The task. Beginning with the line containing "Poza tym świetne" and ending with the line containing "V medvedkovi glavi", write out each line of the records below exactly; pictures and lines outside that range are left out.

Input records.
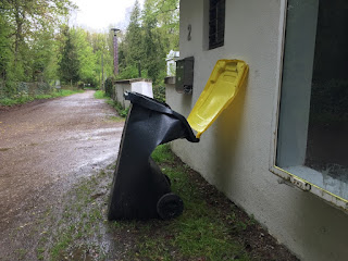Ich rätsel noch, wie die Skulptur wohl geschaffen wurde. Das Material scheint High Density PE aus schwach verzweigten Polymerketten zu sein. Bei der Bearbeitung tippe ich auf Kaltverformung, möglicherweise mit Hilfe eines Umformwerkzeuges der Firma MAN. Wie dem auch sei, das Werk ist auf jeden Fall eine Bereicherung für den Skulpturenweg.
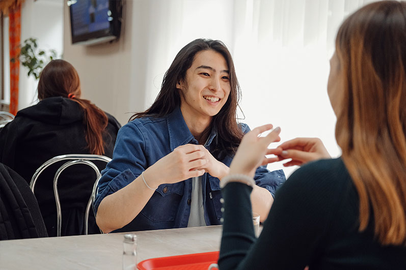 Просто учиться в университете — это тяжело, нужно отдыхать и улыбаться. Кроме учебы я часто встречаюсь с друзьями, и я чувствую себя весело и прекрасно. Мы готовим разные блюда, играем в мафию. Однажды мои красноярские друзья позвали меня есть суши. Я несколько раз переспросил: «Они точно настоящие?». Они отвечали: «Да-да». Но когда мы пришли в ресторан, и я увидел их — ого! Мне было страшно их есть. Я попробовал, было вкусно, но это совсем другое блюдо.
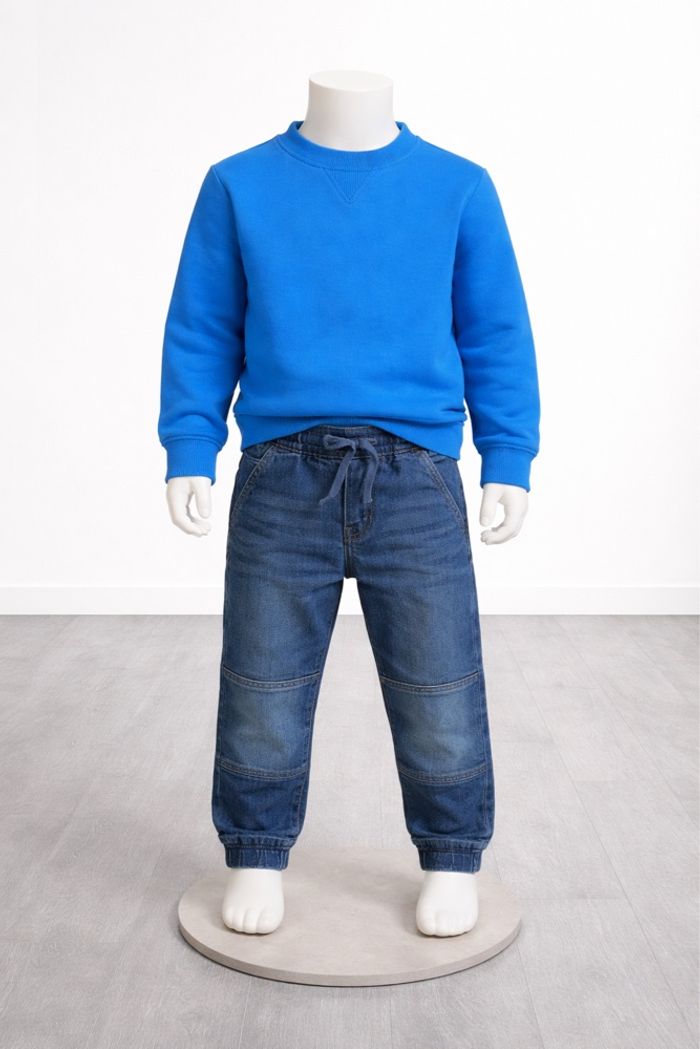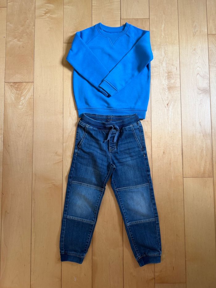 Regardez mes autres articles et mes autres lots et faites de très bonnes affaires avec des articles de qualité et de marque ! Je propose ici un look décontracté composé de : - un jean large brut délavé de chez H&M en taille 5/6 ans, 100% coton - un sweat bleu clair de chez Primark, en taille 5/6 ans N’hésitez pas ! N’hésitez plus !
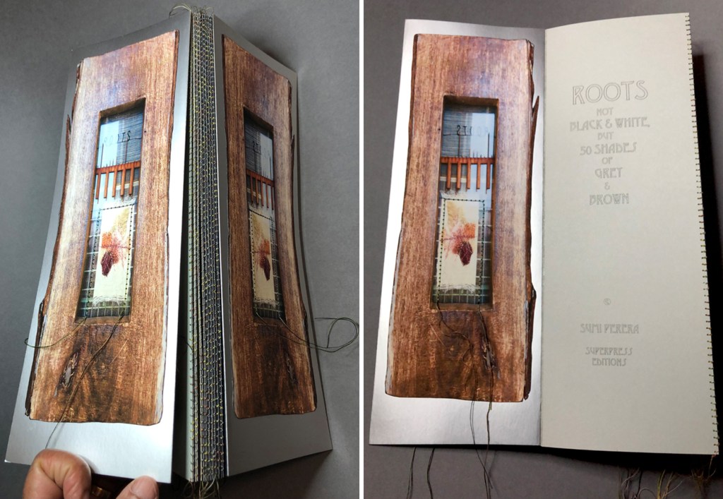 ROOTS - Not Black & White, but 50 Shades of Grey & Brown [Artist Book-opened]. Sumi Perera
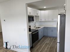 The heart of the home is an appealing kitchen featuring two-tone cabinetry, sparkling white quartz countertops, and a full suite of stainless steel appliances. The bathroom is equally impressive, with chic marble-look tile in the shower area, a glass enclosure, modern black fixtures (including a rainfall showerhead), and a clean vanity with a quartz countertop. The entire interior is finished with easy-to-maintain luxury vinyl plank flooring. Fresh white walls and trim create a clean, airy aesthetic that perfectly amplifies the natural illumination, making every room feel spacious and welcoming.
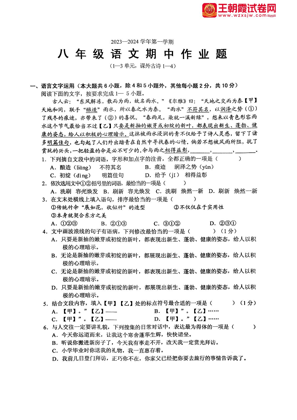 江西省鹰潭市余江区2023-2024学年第一学期期中考试试题八年级语文(人教版)
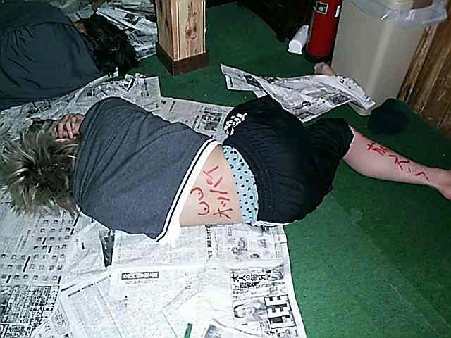 9月25日 「太り気味の私はアブト○ニックを買う金がないの日」 昨日は私の先輩に当たる、Y姉さんの24回目の誕生日でした。 「四捨五入すればまだ二十歳だよ!」 と豪語する彼女の姿・・・あぁ美しい(笑) プレゼントは皆でマルボロ1カートンを送りました。おめでとうございますヽ(゚∀゚)ノ バースデー飲み会はS君宅にて行われました。 しかし私は夜勤のバイト後学校に行き、さらにバンドの練習に行くと言う ハードスケジュールだったため、すぐに就寝(; ̄Д ̄) ショボイ・・・ 私の周りの人間の前で寝ることは、実は危険な行為だったりします。 酔って寝てしまったものは言わば「敗北者」。 敗北者は起きている「勝利者」からペナルティを与えられることが多々あるんですよ。 こんな風にね(((( ;゜Д゜)))ガクガクブルブル これは合宿の時の画像です。 酔って潰れたリベロ。体から顔中に素敵な落書きアートが施されていました(鬱 と言う訳で、飲み会中は安心して寝ていられないんですよ。 そして、今日AM5:00に起きました。早速鏡を見て自分の姿を確認します。 ほっ(´o`)どうやら落書きは免れたみたいです。 それにしてもジーンズが冷たいなぁ・・・・・ってああ!!(;° ロ°) S君宅の猫、北斗君に小便をかけられていました。 帰宅後、朝も早い時間からジーンズを洗う私。せつねぇ・・・・ どうも、小便臭いリベロです。 ジーンズが乾かないよ〜〜あ〜〜あ〜〜〜〜〜(´△`) 食欲の秋ですね。この記事を読んで思いました。 いや、直径3メートルはさすがにでかすぎだと思いますが(^^;) これからドンドン寒くなりますし、脂肪を蓄えて厳しい冬に備えなければなりません(ぉ でも太りたくない!って方は私のダイエット法を参照していただくとして。 これから太る予定の方、 季節外れのスイカ食べ放題ツアーなんていかがですか?(マテ 捨てるなんてとんでもない。自分のエネルギーにしてしまいましょう( ̄ー ̄) もう太ってる方はアブト○ニックを使って頑張ってみましょう。 こんな目にあっても保障はしませんけどね(笑)
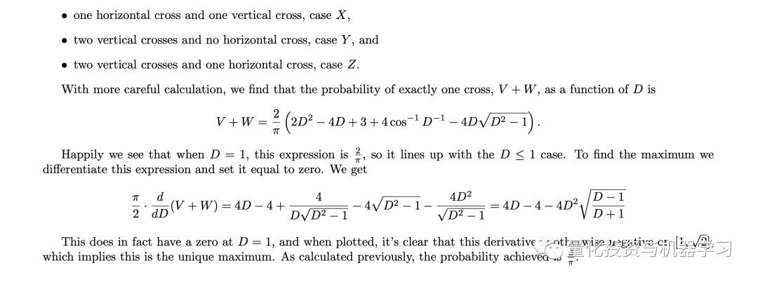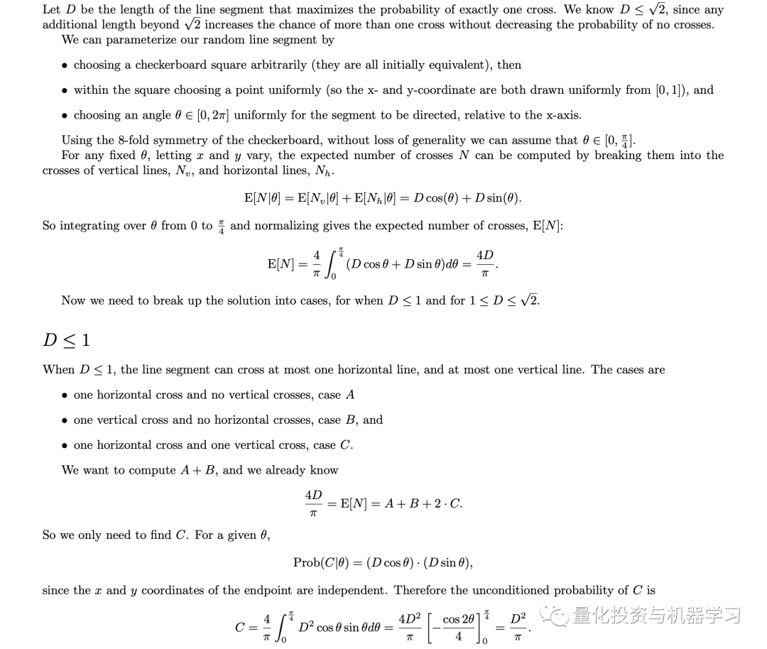 The answer to this puzzle is that D = 1 and the resulting probability is 2/pi (or about .6366).
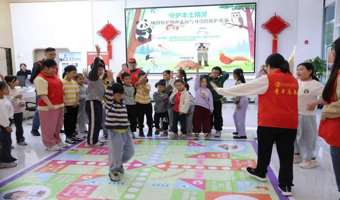 动物保护小卫士主题真人飞行棋、动物找家等一系列趣味活动使现场氛围持续高涨。在 “我是小小保护员” 情景模拟中,面对 “发现受伤的保护鸟类”“有人捕捉猫头鹰” 等场景,小学生们活学活用、各抒己见、现场演示应对方法,在思考与实践中掌握正确的野生动物保护技巧。
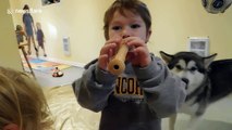 Singing dog loves joining in on kids' music class
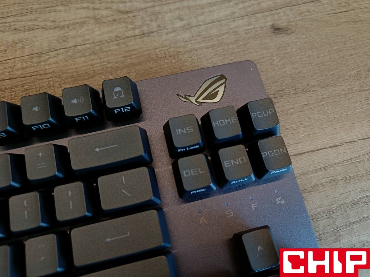 Poza tym świetne wrażenie robi niestandardowa czcionka i… tutaj tak naprawdę wchodzimy po raz pierwszy na to, co w ROG Strix Scope RX TKL Wireless Deluxe może się nie podobać. Trudno bowiem zrozumieć, co popchnęło projektantów do uznania, że zamiana klawiszy od F5 do F12 na przyciski multimedialne ma jakikolwiek sens. Oczywiście dostęp do nich ciągle mamy z poziomu kombinacji, albo możemy rozwiązać ten problem z wykorzystaniem aplikacji, ale po prostu nie wydaje się to zbyt rozsądne.
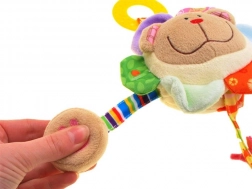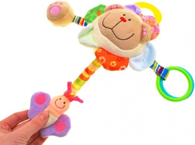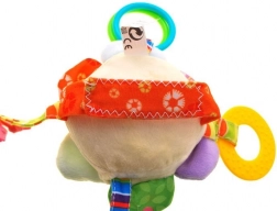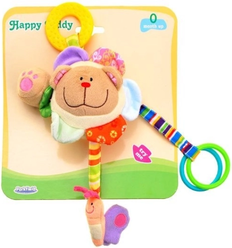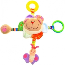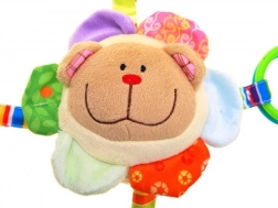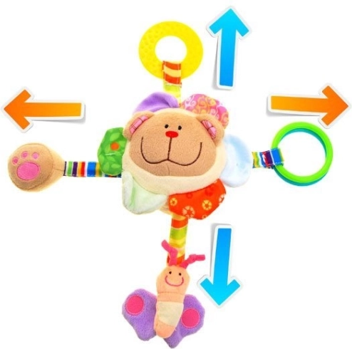 V medvedkovi glavi je ropotuljica, ki ob tresenju oddaja nežen zvok – idealno za pritegnitev pozornosti in spodbujanje gibanja. Viseček vključuje štiri barvite trakove z različnimi igralnimi elementi:
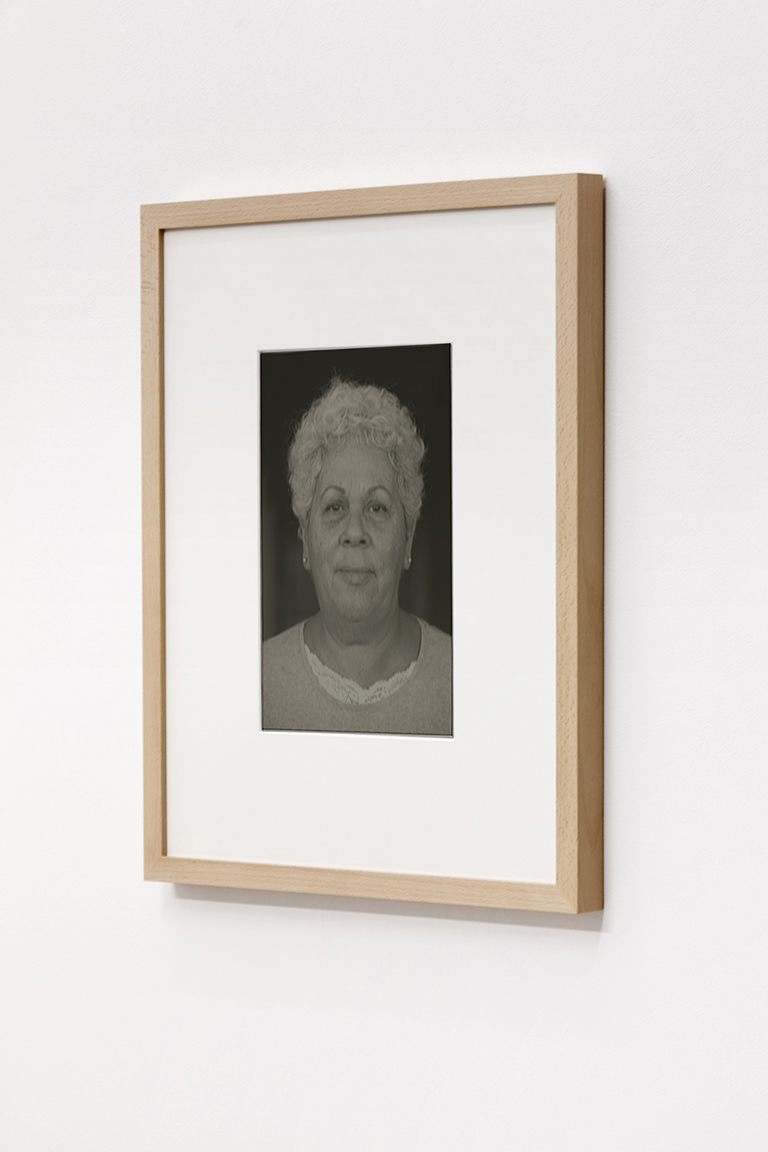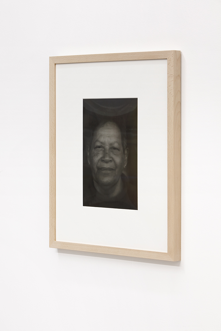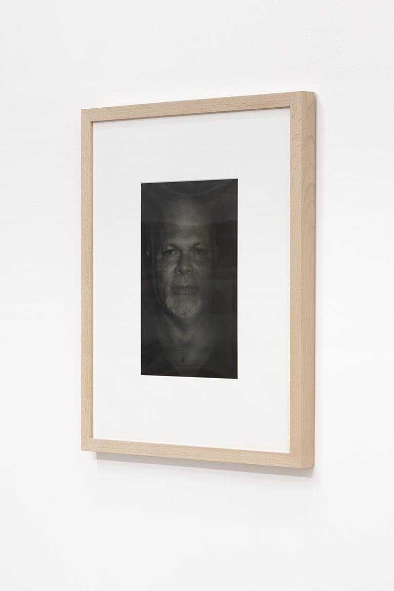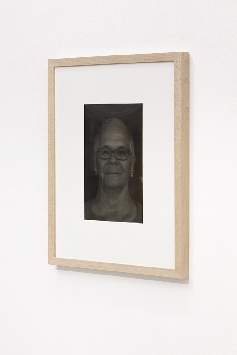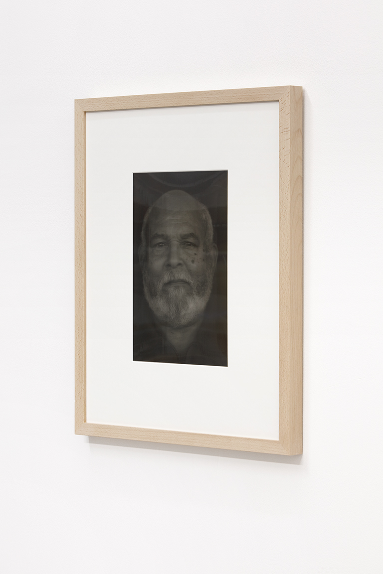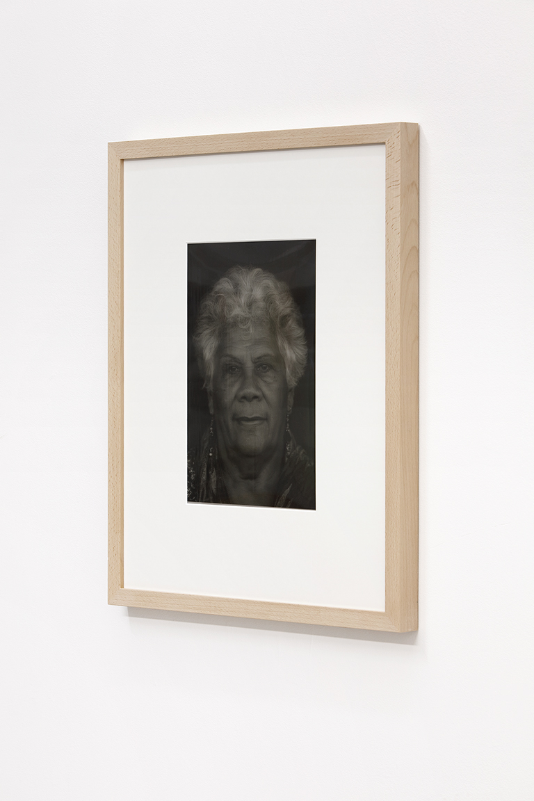 Unserdeutsch-FACES, consists of 12 individual portraits of the last Unserdeutsch speakers I met in Papua New Guinea and Australia in 2022. They are framed half-mirrored behind a Kinscem film and do not allow frontal eye contact. It is only possible to view them from a side angle, from the right or left.
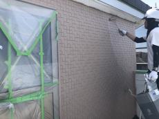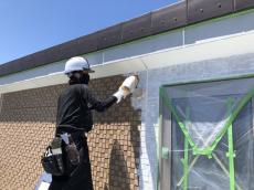 外壁下塗り作業。エポパワーシーラーを塗布していきます。
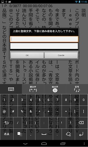 ※このアプリには「N2 TTS」や「ドキュメントトーカ(製品版)」などの日本語TTSが必須です。(この2つのアプリでテストしました)

Exercise answer.
 Poza tym świetne wrażenie robi niestandardowa czcionka i… tutaj tak naprawdę wchodzimy po raz pierwszy na to, co w ROG Strix Scope RX TKL Wireless Deluxe może się nie podobać. Trudno bowiem zrozumieć, co popchnęło projektantów do uznania, że zamiana klawiszy od F5 do F12 na przyciski multimedialne ma jakikolwiek sens. Oczywiście dostęp do nich ciągle mamy z poziomu kombinacji, albo możemy rozwiązać ten problem z wykorzystaniem aplikacji, ale po prostu nie wydaje się to zbyt rozsądne.
 V medvedkovi glavi je ropotuljica, ki ob tresenju oddaja nežen zvok – idealno za pritegnitev pozornosti in spodbujanje gibanja. Viseček vključuje štiri barvite trakove z različnimi igralnimi elementi:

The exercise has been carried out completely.